Exports fall 6.73 percent in first semester
The Jakarta Post, Jakarta
The country's export performance weakened during the first half of this year due to weak global demand, the Central Bureau of Statistics (BPS) said on Thursday.
BPS said that exports fell 6.73 percent as of June to US$27.38 billion from $29.35 billion during the same period last year.
The bureau said that oil and gas exports dropped 19.05 percent, while non-oil and gas exports slowed by 2.73 percent to $21.74 billion from $22.36 billion.
BPS deputy chairman Slamet Mukeno said that the slow global economic recovery had affected the country's exports.
Government trade officials had previously said that lingering labor conflicts and security problems at home would have a negative impact on the country's exports as these uncertainties had triggered foreign buyers to shift their orders to other countries in the region.

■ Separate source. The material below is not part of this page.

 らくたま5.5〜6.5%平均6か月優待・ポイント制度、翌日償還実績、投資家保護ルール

The decline in exports, coupled with falling foreign direct investments, resulted in modest economic growth mainly driven by consumer spending.
But analysts have said that if exports and investments continued to fall, consumer spending would eventually weaken, thus putting a brake on economic growth.

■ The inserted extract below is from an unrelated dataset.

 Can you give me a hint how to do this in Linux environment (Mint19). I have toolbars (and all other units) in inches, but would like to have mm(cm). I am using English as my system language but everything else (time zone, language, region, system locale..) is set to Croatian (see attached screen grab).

However, although the country's exports have been negatively affected by the global economic slowdown, they have recently started to pick up, thanks to signs of recovery in the U.S. economy, one of Indonesia's major export markets.
A higher demand trend can be seen in export figures in June to the country's two largest export destinations, the U.S. and Japan, which rose sharply compared to the previous month.

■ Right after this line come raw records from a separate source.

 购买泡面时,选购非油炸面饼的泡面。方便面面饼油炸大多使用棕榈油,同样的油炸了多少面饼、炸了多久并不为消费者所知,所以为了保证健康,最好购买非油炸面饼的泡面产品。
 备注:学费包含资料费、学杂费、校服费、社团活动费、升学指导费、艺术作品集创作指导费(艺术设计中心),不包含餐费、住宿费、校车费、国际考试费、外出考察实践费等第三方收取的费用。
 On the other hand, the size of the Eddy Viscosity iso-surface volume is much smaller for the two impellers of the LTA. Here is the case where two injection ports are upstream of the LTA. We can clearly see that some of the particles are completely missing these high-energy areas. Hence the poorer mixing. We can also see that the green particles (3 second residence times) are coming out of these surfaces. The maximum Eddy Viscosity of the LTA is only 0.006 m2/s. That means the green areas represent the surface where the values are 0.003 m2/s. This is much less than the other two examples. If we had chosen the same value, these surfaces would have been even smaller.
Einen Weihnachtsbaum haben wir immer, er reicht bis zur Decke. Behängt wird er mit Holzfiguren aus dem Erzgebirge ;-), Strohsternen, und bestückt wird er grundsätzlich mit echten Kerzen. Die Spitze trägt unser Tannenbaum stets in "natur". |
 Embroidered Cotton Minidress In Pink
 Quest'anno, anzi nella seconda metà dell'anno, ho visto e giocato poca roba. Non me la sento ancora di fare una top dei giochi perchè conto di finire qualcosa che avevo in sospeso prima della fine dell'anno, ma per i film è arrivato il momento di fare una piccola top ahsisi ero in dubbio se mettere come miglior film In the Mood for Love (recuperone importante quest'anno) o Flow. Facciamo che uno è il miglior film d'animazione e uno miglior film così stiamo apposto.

Shipments to the U.S. totaled $802 million in June against $645.0 million in May and those to Japan rose to $589.2 million from $505.4 million.
Meanwhile, BPS said that total exports in June rose to $5.07 billion from $4.7 billion in May, while imports rose to $2.41 billion from $2.39 billion in May.
This brings the country's trade surplus to $2.66 billion this month, compared to $2.31 billion surplus in May.
A pick up in the U.S. and Japan, the world's two major economic giants, should give enough power toward global economic recovery, which eventually will create higher import demand.
But economists warn that renewed concern over the U.S. economy may hurt export growth later in the year, following a string of financial scandals that has sent market confidence stumbling.